What to produce>
What you copy should be the lines from the one with "Solid ultra-thick, hard, thick" through the end of the entries, word for word. Omit the pictures.

_ _ _ _

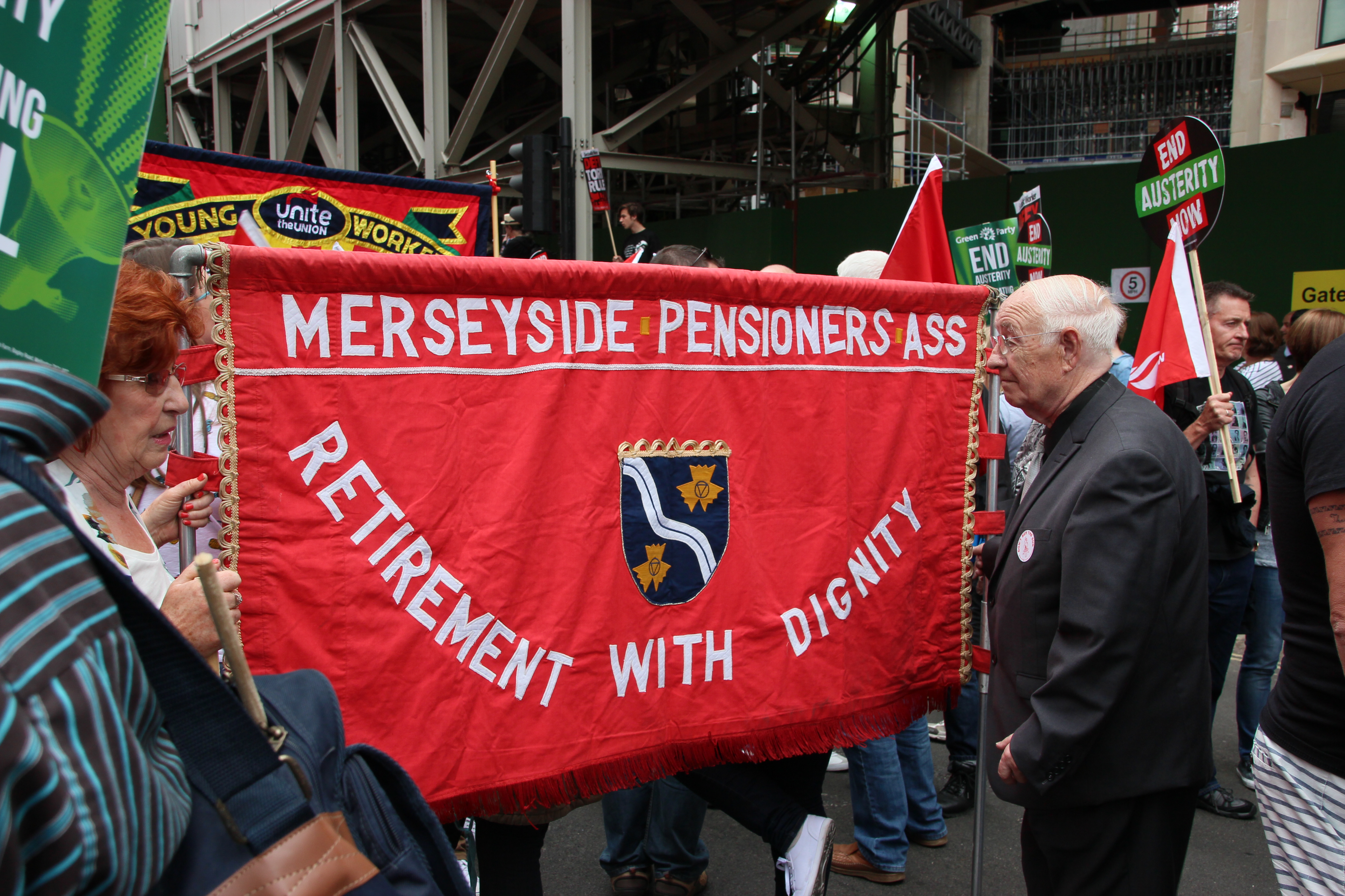 People of all ages attended the End Austerity Now demonstration, and I saw several pensioner’s organisations represented (Photo: Hannah Awcock).
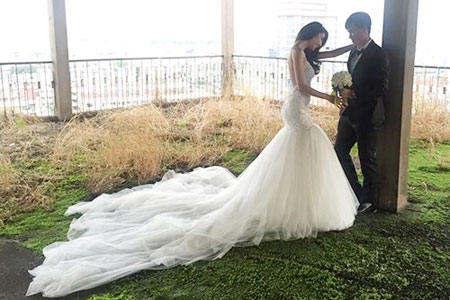 | Không chỉ thuận buồm xuôi gió trong sự nghiệp người mẫu, Lê Thúy còn khiến nhiều người ghen tỵ khi gặp được chàng Việt kiều Mỹ điển trai Đỗ Khải An. Cả 2 đã vừa tổ chức tiệc cưới tại Quảng Bình và TP.HCM. Ngất ngây trong hạnh phúc, Lê Thúy cho biết, vợ chồng cô có ý định sinh con luôn trong năm tới. |
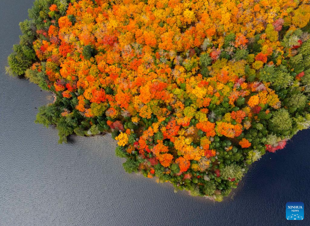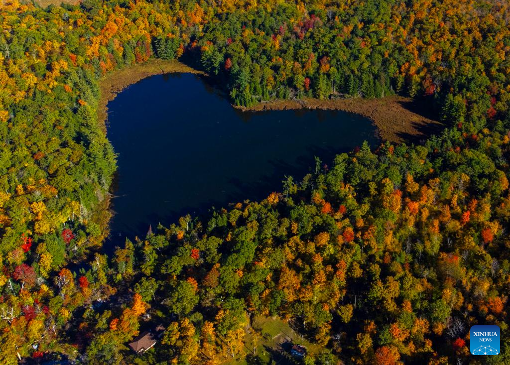 ONTARIO, 9 octubre, 2024 (Xinhua) -- Imagen aérea tomada con un dron el 8 de octubre de 2024 del paisaje otoñal de un lago en forma de corazón, en North Frontenac, Ontario, Canadá. (Xinhua/Zou Zheng)
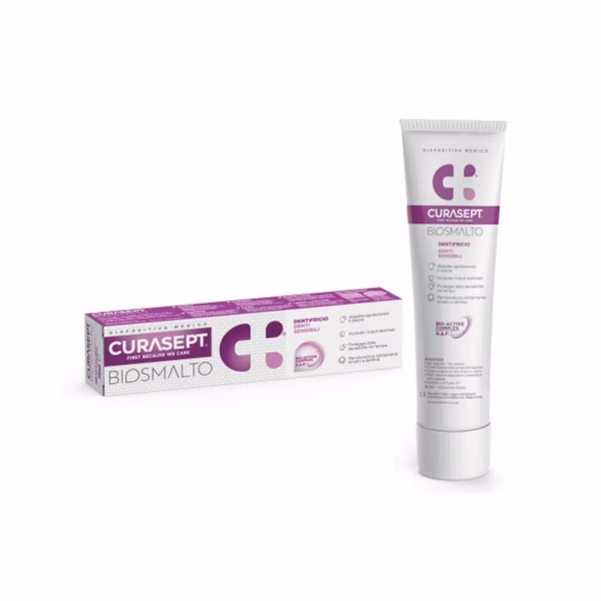 Curasept Biosmalto Teeth Sensitive është një pastë dhëmbësh që vepron duke lehtësuar dhimbjen në rast të ndjeshmërisë së fortë dentine. Veçanërisht dhëmbët e predispozuar ndaj lezioneve kariese, erozionit dhe gërryerjes së smaltit dhe dentinës. Pasta e dhëmbëve Curasept Biosmalto për dhëmbë të ndjeshëm mbyll tubulat dentinale. Me kalimin e kohës përdorimi i pastës rimineralizon smaltin dhe dentinën.
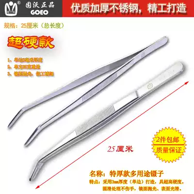 Solid ultra-thick, hard, thick stainless steel tweezers, pinch clips, bent straight head, industrial processing, special use
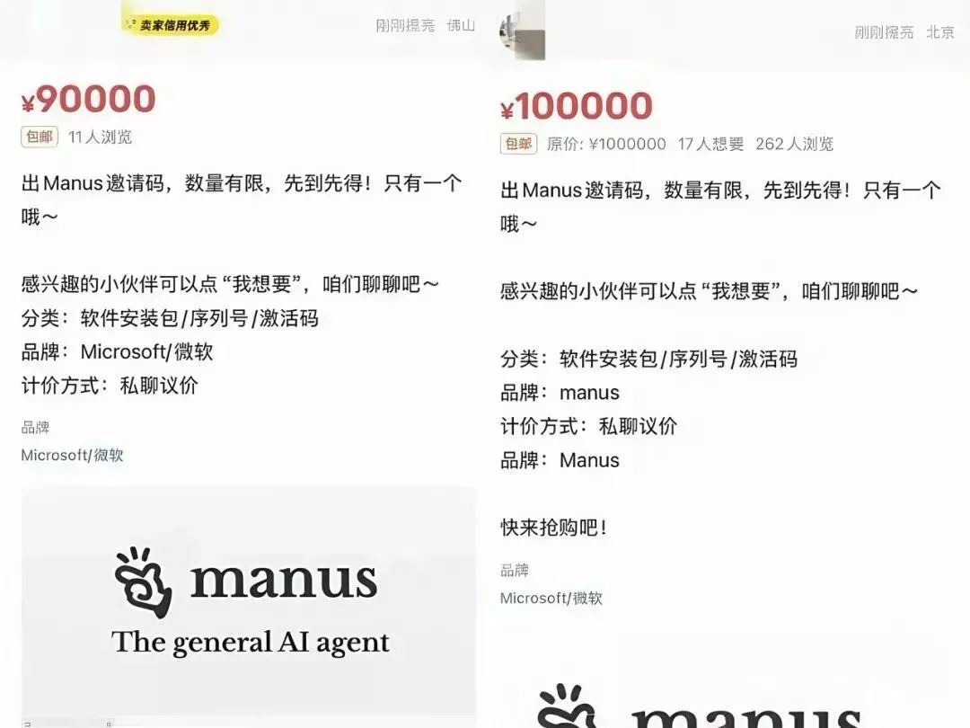 2025年3月,二手平台里的Manus邀请码一度炒至万元

_ _ _ _

Written solution>
 Solid ultra-thick, hard, thick stainless steel tweezers, pinch clips, bent straight head, industrial processing, special use
 2025年3月,二手平台里的Manus邀请码一度炒至万元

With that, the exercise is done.